I had the craving for something chocolate-y bad. All I had was droste cocoa powder. I didn’t have the time or patience to make brownies (which are amazing with droste cocoa powder *best brownies ever*).
I found this recipe and made do with the ingredients I had.
I halved the recipe, but put in one egg yoke instead of two. I also doubled the droste cocoa powder (4 tbls instead of 2)- because I did not have dark chocolate on hand- if I did, I doubt I would have made this pudding.
It came out GREAT. I could immediately tell that the dark chocolate would have made it AMAZING. It was definitely tasting one note, and I am certain that adding the dark chocolate gives you those rich layers of chocolate-y goodness. But regardless, it fixed my cravings, was quick and easy, and most importantly, it was WAY superior to supermarket chocolate pudding.
Oh—and I didn’t strain it through a mesh strainer. There were tiny lumps of cooked eggs, but I didn’t mind this. They didn’t taste like anything. I may add some nuts or chia seeds next time to hide the cooked egg bits (Yes, I am that lazy)
Hi, are any adjustments necessary if not at a high altitude?
No adjustments needed.
This was THE BEST chocolate pudding I have ever made or devoured.
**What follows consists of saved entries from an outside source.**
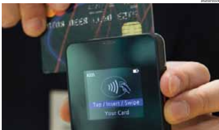
Redes de máquinas disputam mercado, mas falham na operacionalização do serviço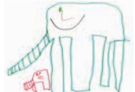
願望四：在大象滑梯上開心玩

這些願望可以實現嗎？副題為童夢中的醫療樂園的「小熊醫院」，就嘗試踏出這一步。「童樂治療中心」中以趣味的醫院遊戲方式，與參加者玩模擬醫療程序遊戲，試試拆石膏、照心電圖、做換腎手術；「童趣病房」就齊來玩轉病房，將病床變成枕頭山、在不同部門以隨意門縱橫穿梭、將大型注射器變成噴射畫筆、或躺在大型鹽水袋上盪來盪去……「童玩遊樂場」則屬少有的廣闊綠草空間，內有紙皮滑梯、紙迷宮、大型波波、奇形積木等，供小朋友任跑任跳任闖任砌任玩。「小熊醫院」不但大受小小參加者的歡迎，連被邀請前來的病童，也大呼好玩有趣。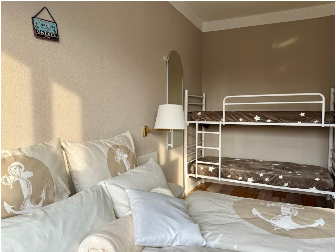
Etagenbett in 7 Zimmern

I made it for my boyfriend’s birthday and he could not stop raving about it. Thanks for making me a heroine! This will be a dessert we will enjoy often. Thanks for a great recipe Heather!!!
I’m so glad you both loved it!
Very good recipe! I’ve never made pudding before and it was so good. I used all half and half as I was looking for a recipe to use it up. I put dark chocolate so used a bit less so it wouldn’t be too intense.